A tiger. Tigers are cool, and I have thought so since I was a little kid and adored both Daniel Striped Tiger on Mr. Rogers’ Neighborhood and Tigger from Winnie-the-Pooh.

What’s the most embarrassing guilty pleasure you’ll admit to? (music, movies, pop culture, food, drink, etc…all fair game!)

I refuse to be guilty about any of my pleasures—nor do I think people should be guilty about things that make them happy. If you like death metal, American Idol, pickle-flavored prune juice, the songs of Barry Manilow, the post-John Amos episodes of Good Times, or even Star Trek: Enterprise, I’m not going to judge you, as long as you’re not harming anyone. Life’s too short not to enjoy yourself, and there’s enough real things to feel guilty about.

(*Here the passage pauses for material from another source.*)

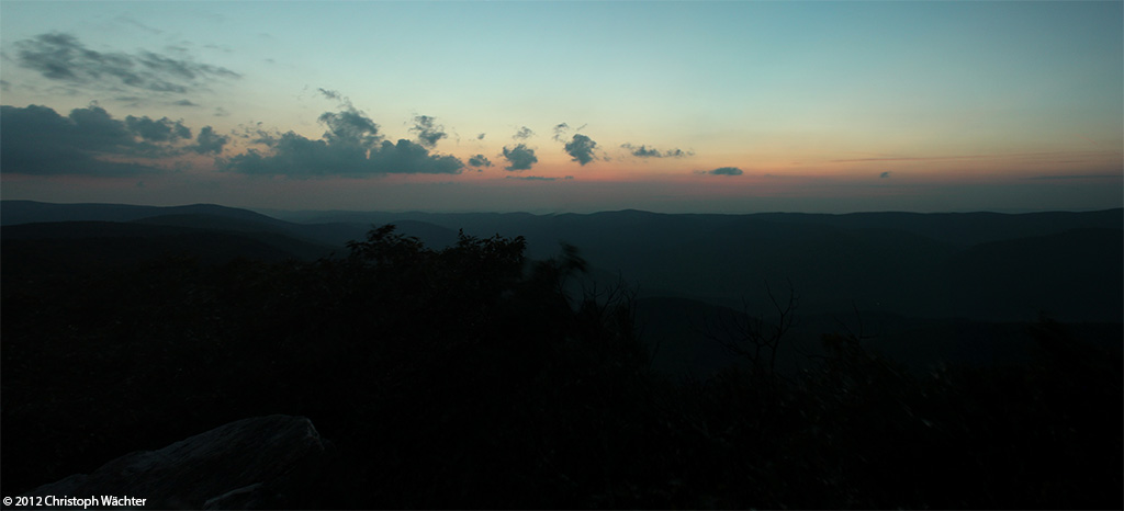Nachdem wir etwas Holz gesammelt hatten und ein kleines Lagerfeuer entzündet haben, bot sich die Gelegenheit dieser Panoramaaufnahme der Berge Richtung West/Nordwest (West Virgina) im äußerst fortgeschrittenen Abendrot. | ||

What D&D character alignment best describes you first thing in the morning?

Mfginner thrank zrfbst. I’m pre-verbal before coffee. (Slightly more seriously, is there such an alignment as “chaotic zombie”?)

If you, as a ghost, could regularly haunt one celebrity, author, or literary figure, who would it be?

Alfred Bester. Which would be weird, as he’s dead and I’m still alive, so we’d have to mess with the space-time continuum a bit, but he’s an author I’ve always admired and respected and loved, and one I even got to (posthumously) edit when I put together a definitive edition of The Stars My Destination, a reissue of The Demolished Man, an unfinished novel of his called Psychoshop (which was finished by Roger Zelazny), and a short story collection that included two unpublished works. Bester has been one of my favorite authors since I read The Demolished Man as a 17-year-old and it ripped my brain out through my ear, jumped up and down on it a few times, then stuffed it back in through my nose. I deeply regret never getting to meet him, so going back in time and haunting him would totally make up for that…

What’s your favorite method of procrastination?

Filling out questionnaires on the Internet.